* Exercise
Copy out the data below from the line containing "To enable this" to the line containing "Borse portaoggetti per", both lines included, with all images left out.

[Opening Available data section]

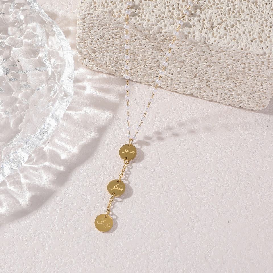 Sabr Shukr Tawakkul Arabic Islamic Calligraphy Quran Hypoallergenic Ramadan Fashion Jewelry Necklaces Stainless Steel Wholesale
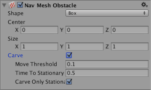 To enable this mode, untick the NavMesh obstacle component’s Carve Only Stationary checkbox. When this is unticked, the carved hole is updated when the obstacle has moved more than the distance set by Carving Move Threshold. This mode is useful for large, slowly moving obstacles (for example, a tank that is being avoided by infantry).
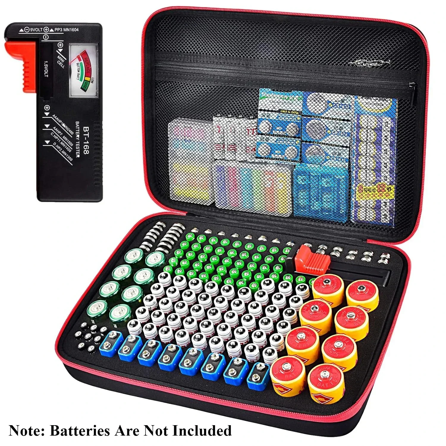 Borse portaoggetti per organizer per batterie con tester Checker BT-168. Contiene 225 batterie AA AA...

[Closing Available data section]
[Opening Available data section]

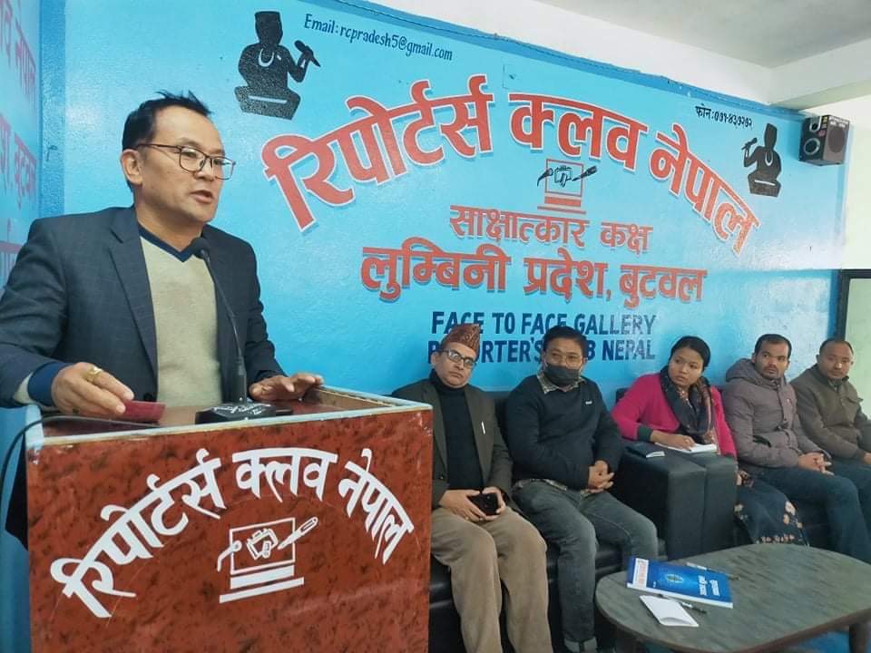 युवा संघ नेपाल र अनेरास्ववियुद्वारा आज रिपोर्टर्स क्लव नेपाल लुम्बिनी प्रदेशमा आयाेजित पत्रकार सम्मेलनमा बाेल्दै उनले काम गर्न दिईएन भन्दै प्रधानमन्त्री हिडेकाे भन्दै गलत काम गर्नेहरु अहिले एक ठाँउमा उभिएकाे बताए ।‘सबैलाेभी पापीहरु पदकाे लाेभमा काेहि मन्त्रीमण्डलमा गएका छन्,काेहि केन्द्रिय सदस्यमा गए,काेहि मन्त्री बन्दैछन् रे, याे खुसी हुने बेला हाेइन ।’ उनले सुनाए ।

[Closing Available data section]

* Result for this exercise
 To enable this mode, untick the NavMesh obstacle component’s Carve Only Stationary checkbox. When this is unticked, the carved hole is updated when the obstacle has moved more than the distance set by Carving Move Threshold. This mode is useful for large, slowly moving obstacles (for example, a tank that is being avoided by infantry).
 Borse portaoggetti per organizer per batterie con tester Checker BT-168. Contiene 225 batterie AA AA...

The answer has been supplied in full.